__REQUIREMENT__: Write out, exactly and only, the lines that run from the top of the records to the line with "Ošetrenie plastov - matná". Include both ends; exclude pictures.

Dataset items

########

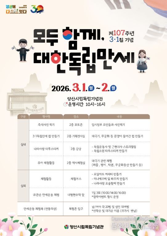 양산시 관계자는 “이번 행사는 가족이 함께 참여하며 3·1절의 역사적 의미를 자연스럽게 되새길 수 있도록 기획했다”며 “양산에도 독립을 위한 치열한 발걸음이 있었음을 시민들에게 알리고, 지역의 역사적 자긍심을 높이는 계기가 되길 바란다”고 밝혔다.
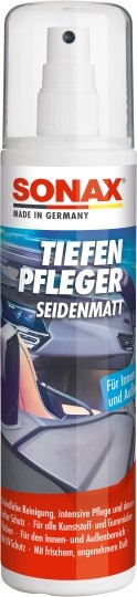 Ošetrenie plastov - matná emulzia - čistí a konzervuje povrch plastových a gumových dielov, oživuje farby. Povrchu dodáva vysoký lesk a chráni pred ďalším znečistením. Vhodné na ošetrenie kokpitu, pneumatík, spojlerov, ozdobných líšt a pod. Pôsobí antistaticky.
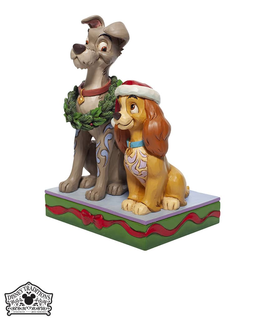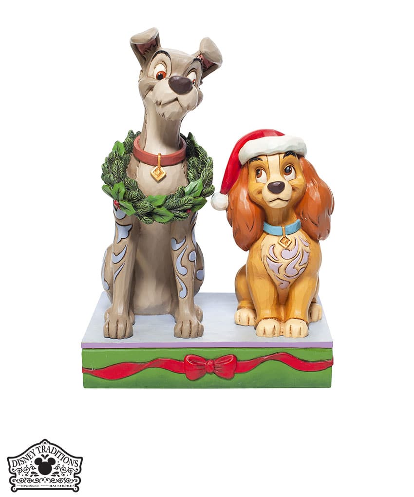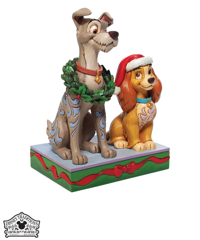Lilli e il Vagabondo assumono una posa festosa in questa affascinante statuetta. Lilli indossa un cappello di Babbo Natale in modo sorprendente, mentre Tramp indossa con orgoglio una corona. La coppia romantica rende la stagione più dolce. Queste figurine non sono giocattoli per bambini. Destinato solo agli adulti.
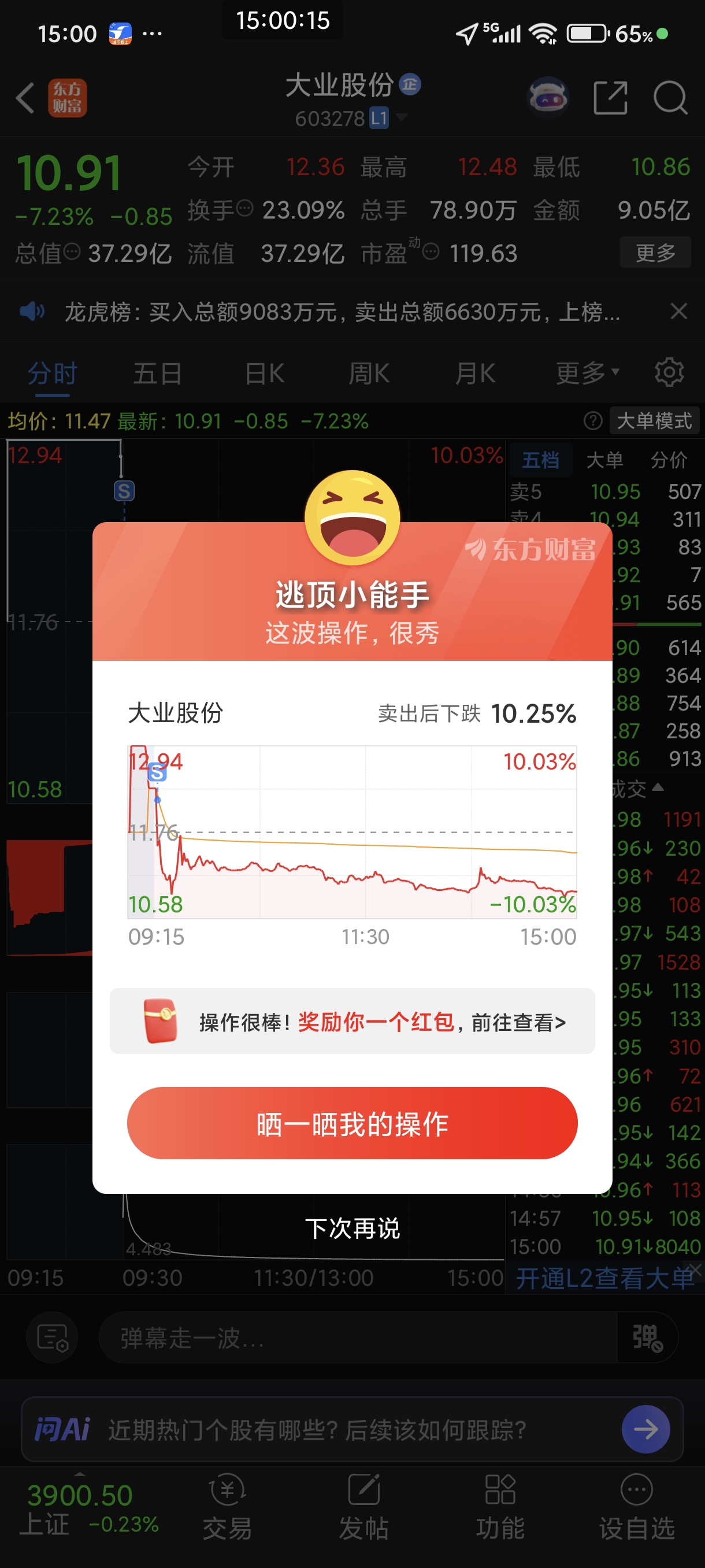 $大业股份(SH603278)$ 今天东方财富表扬了我
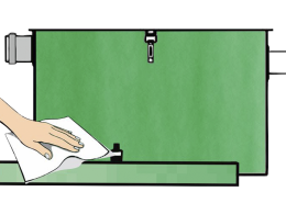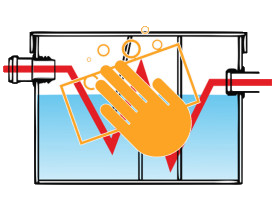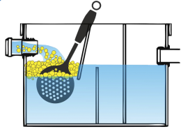 Открыть крышку жироуловителя. При помощи сачка с мелким ситом удалить жировые отложения с поверхности воды и стен жироуловителя.
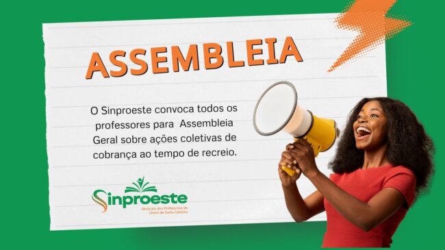 O Sinproeste convoca todos os professores, sócios e não sócios, para se reunirem em Assembleia Geral na quinta-feira da semana que vem, dia 05 de fevereiro de 2026, às 13h30. O objetivo é deliberar sobre ações coletivas de cobrança ao tempo de recreio dos professores. A assembleia acontecerá de forma híbrida: na sede do sindicato,…
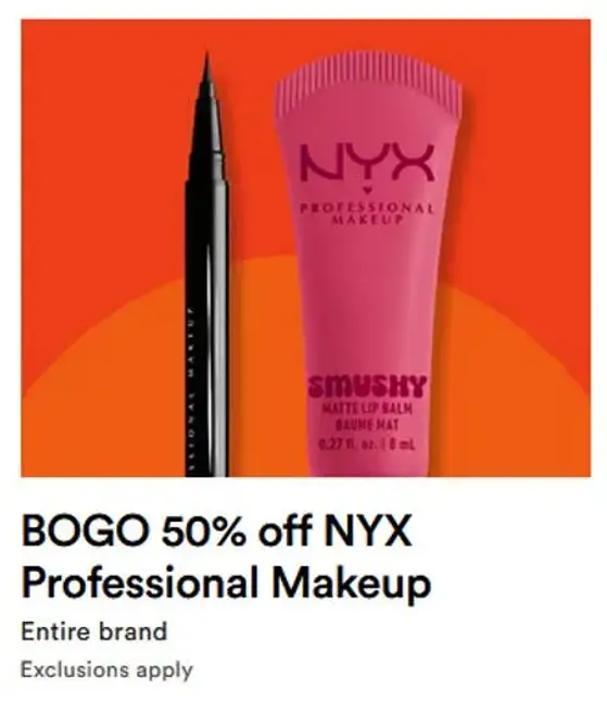 BOGO 50% off NYX Professional Makeup
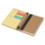Компактный набор включает в себя разноцветные стикеры разных размеров, блокнот с линованной бумагой и ручку c корпусом из переработанного картона. Обложка выполнена из фактурной искусственной кожи, которая, при тиснении, меняет цвет на более глубокий.
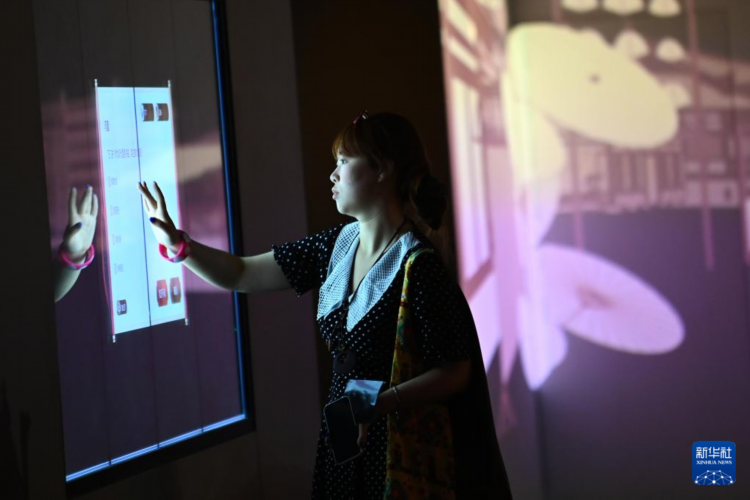 5月12日,游客在改扩建后的西安碑林博物馆北区场馆进行互动体验。
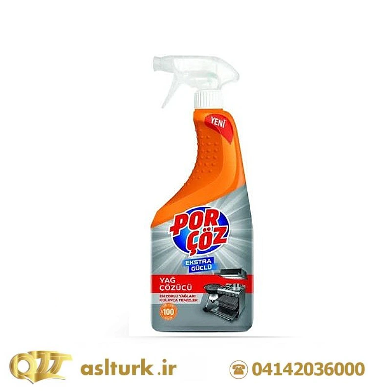 اسپری پاککننده گاز و فر پورچوز (Porçöz) با حجم ۷۵۰ میلیلیتر یکی از محصولات قوی و مؤثر برای تمیز کردن چربیهای سخت و سوخته از سطوح آشپزخانه است.
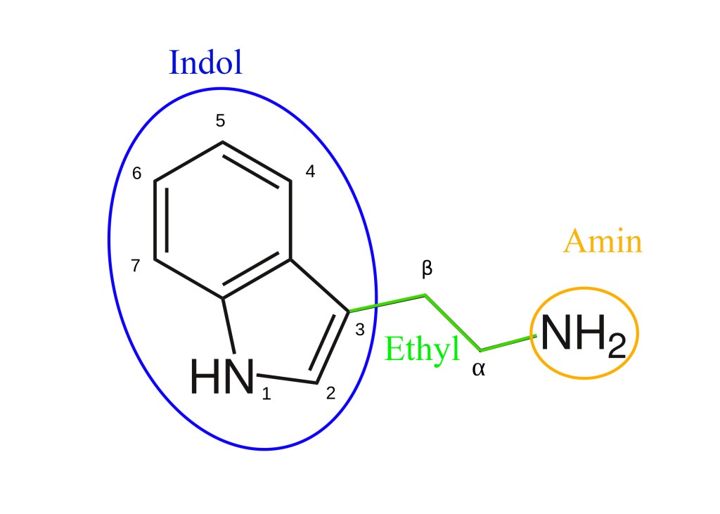 Na obrázku níže je zobrazena základní struktura tryptaminové molekuly. Skládá ze z indolového jádra (modře), ethylového řetězce (zeleně) a aminové skupiny (neboli dusíku s vodíky) na konci tohoto mostu (oranžově). Čísla a písmena řecké abecedy označují pozice, na nichž lze provést tzv. substituci neboli náhradu vodíku nějakou zajímavější chemickou skupinou.
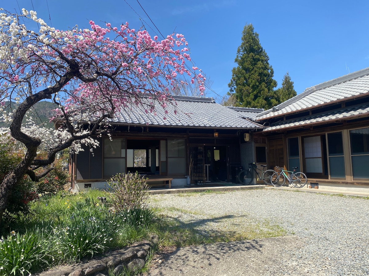 This house was built 120 years ago and stayed by a lot of people who have plan to go to Koya-san. The house is in front of the river and you can take a look. It will make relaxed. We can do tea ceremony, if you want. We have 2 toilet and 1 bath room with big bath tab made by a Japanese special wood, Hinoki. There is a 24h super market, Okuwa near the house.(5 min away by a car) And high rank Japanese beef restaurant(2 min by a car) You can enjoy Yakiniku.
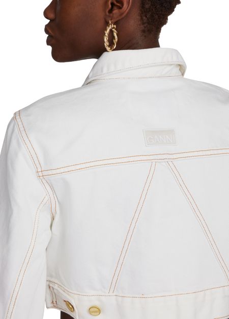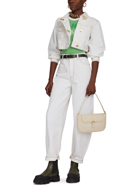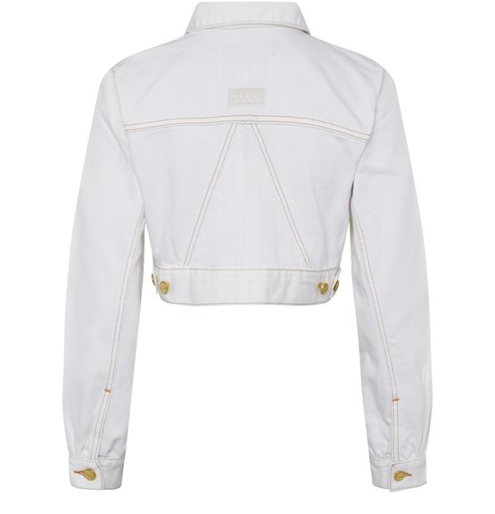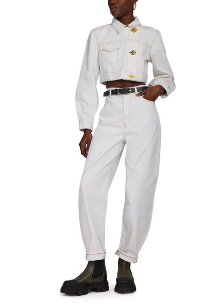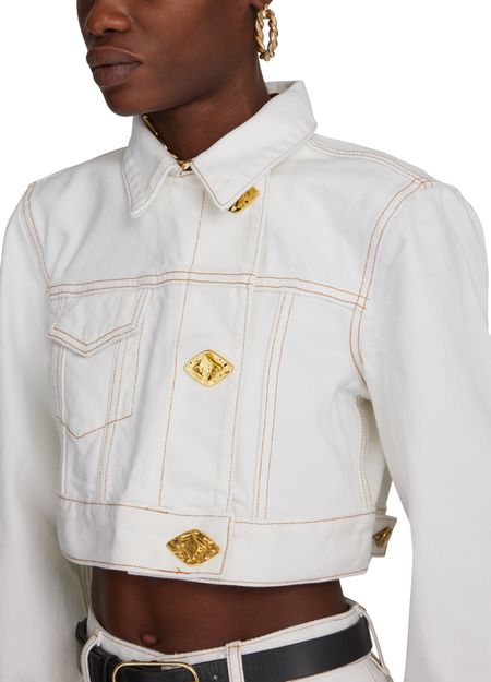 La veste en jean Ganni est une pièce incontournable pour une tenue décontractée et tendance. Sa coupe asymétrique et son col chemise lui donnent une allure moderne. Les manches longues avec poignets resserrés et les coutures contrastantes ajoutent une touche d'originalité. La poche à rabat et les finitions dorées apportent une touche sophistiquée.
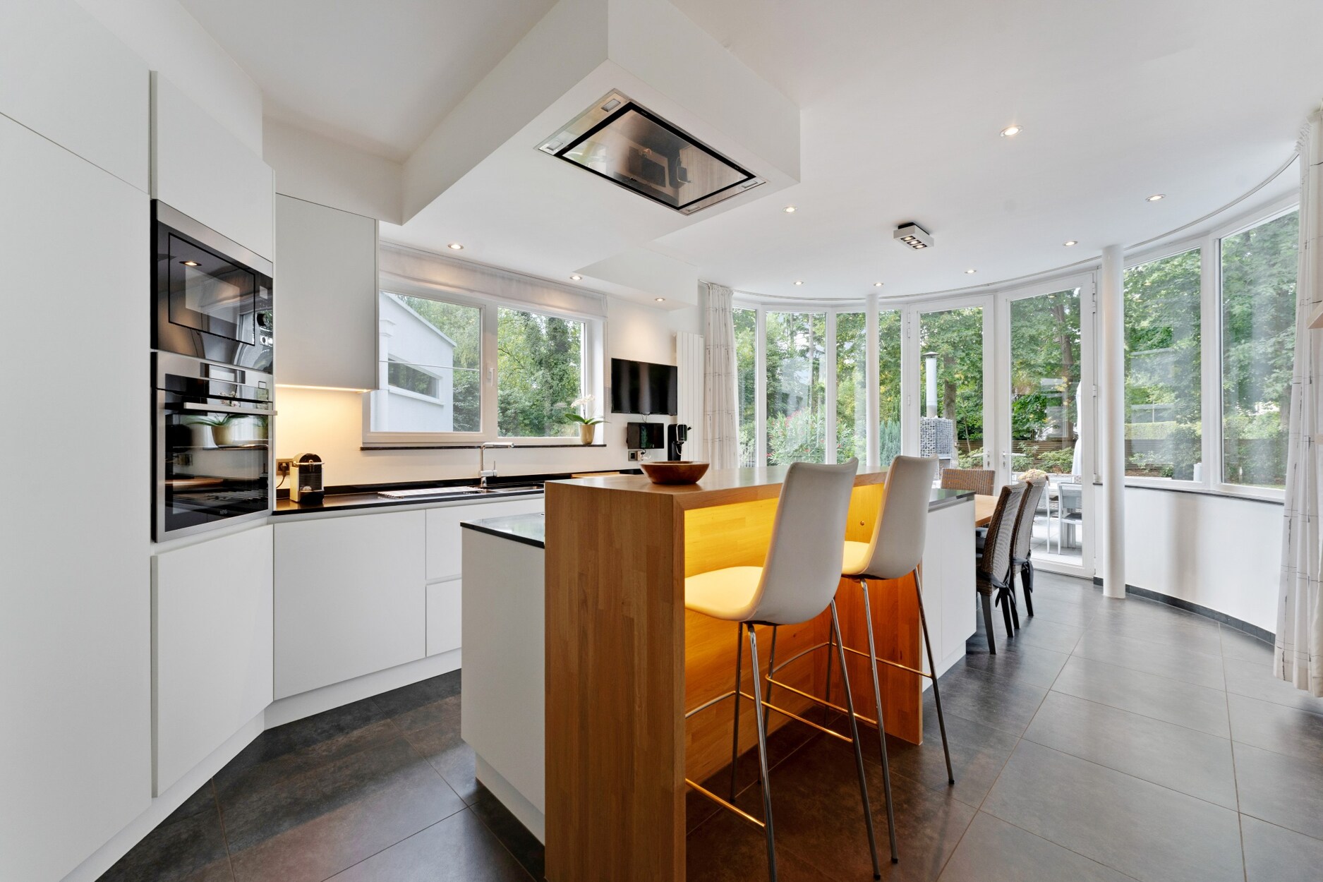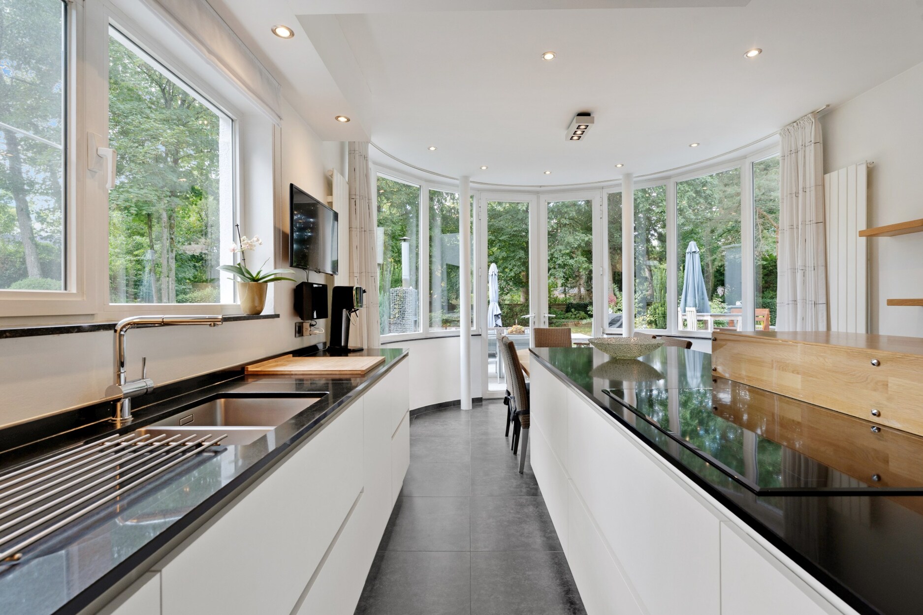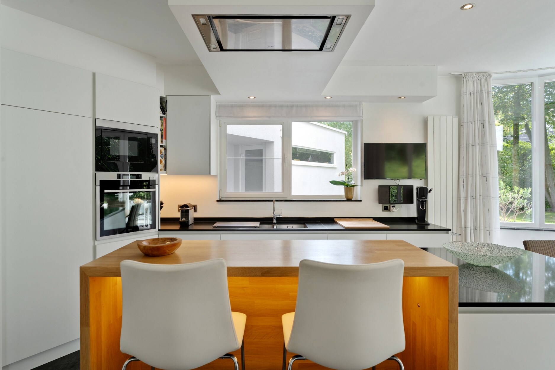 De recente maatkeuken, ontworpen door Keukens De Schutter (Zandhoven), combineert functionaliteit en kwaliteit. Ze beschikt over een centraal kook- en werkeiland in composiet met inductievuur en dampkap (gasaansluiting is nog aanwezig), composiet werkblad met dubbele spoelbak, vaatwasser, combi-stoomoven, microgolf en koelkast. Een massief eiken ontbijttafel en geïntegreerde powerport maken het geheel compleet. Aansluitend bevindt zich een bijkeuken/wasplaats/technische ruimte.
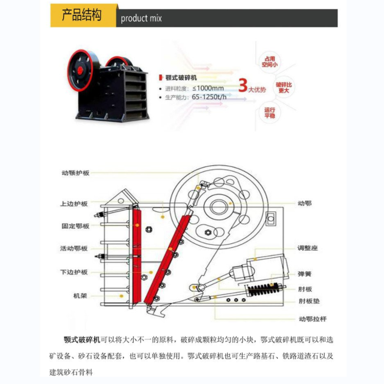 顎式破碎機(jī)是出現(xiàn)較早的破碎設(shè)備,因其構(gòu)造簡單、堅(jiān)固、工作可靠、維護(hù)和檢修容易以及生產(chǎn)和建設(shè)費(fèi)用比較少,因此,直到現(xiàn)在仍然廣泛地在冶金、化工、建材、電力、交通等工業(yè)部門,用于破碎抗壓強(qiáng)度在147~245MPa的各種礦石和巖石的粗、中、細(xì)碎。
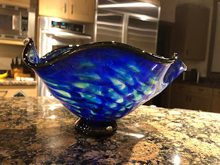 The temperature of the glass when I pulled it out of the ovens each time was about 2000degrees. That blue bowl was still about 1100-1200 degrees. We had to be very careful as even if a a piece of glass looked cooled we were warned not to touch it. We also had to make sure we held the pipes at less half way back from the heated end with glass and once we were done with the pipe we set them down and did not touch that one again. We had a clean pipe for every project. Then four of us had been slipt into two team with an instructor per team of two. Even though it was snowing outside they had the back door open and we were all nice and warm.
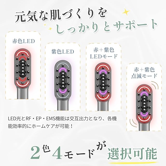 【赤&紫のLED光エステで肌を整える】赤色LED(630nm)と紫色LED(400nm)を搭載し、お肌の悩みに合わせて4つのモードを選択可能。毎日のケアで化粧ノリや肌の明るさ、ツヤの違いを実感できる。ボタンひとつのシンプル操作で、美顔器初心者の方でも安心して使える。
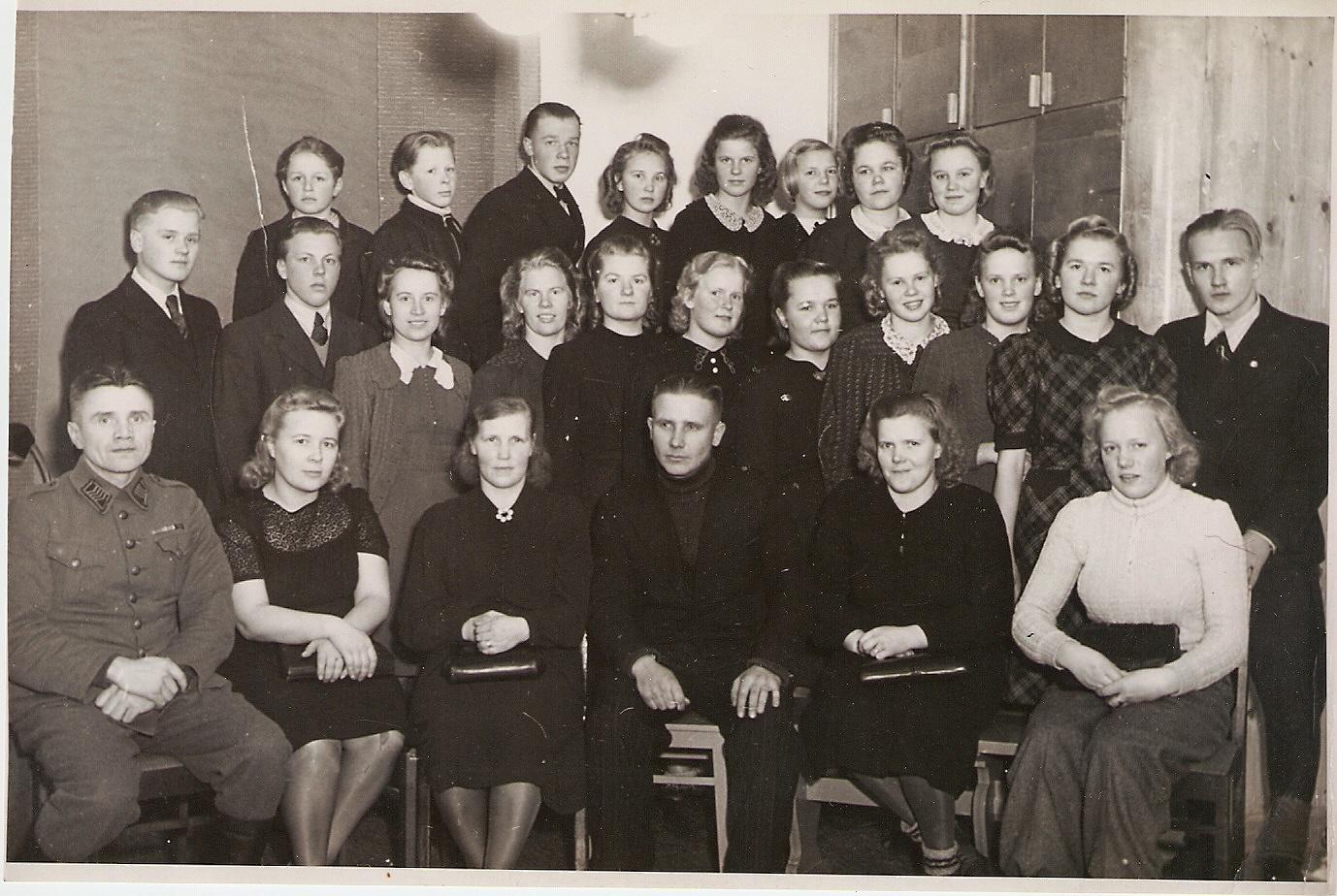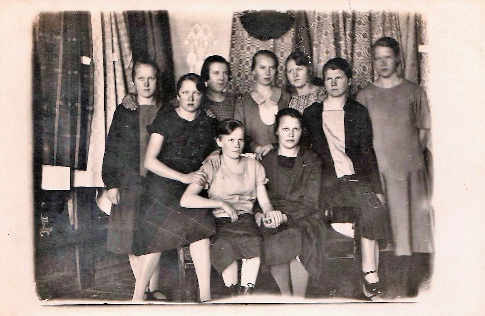 Kutomakurssilla mukana ainakin: 6. Lydia Venäläinen Korpelasta, 10. Elma Meijer Ukonjärven Koivulasta (47), 12. Laila Houni Koivulasta (1) läheltä Louon rajaa. Hounin kansakoulu 1936 (Sisko Dunderfelt)

########

__EXERCISE ANSWER__:
 양산시 관계자는 “이번 행사는 가족이 함께 참여하며 3·1절의 역사적 의미를 자연스럽게 되새길 수 있도록 기획했다”며 “양산에도 독립을 위한 치열한 발걸음이 있었음을 시민들에게 알리고, 지역의 역사적 자긍심을 높이는 계기가 되길 바란다”고 밝혔다.
 Ošetrenie plastov - matná emulzia - čistí a konzervuje povrch plastových a gumových dielov, oživuje farby. Povrchu dodáva vysoký lesk a chráni pred ďalším znečistením. Vhodné na ošetrenie kokpitu, pneumatík, spojlerov, ozdobných líšt a pod. Pôsobí antistaticky.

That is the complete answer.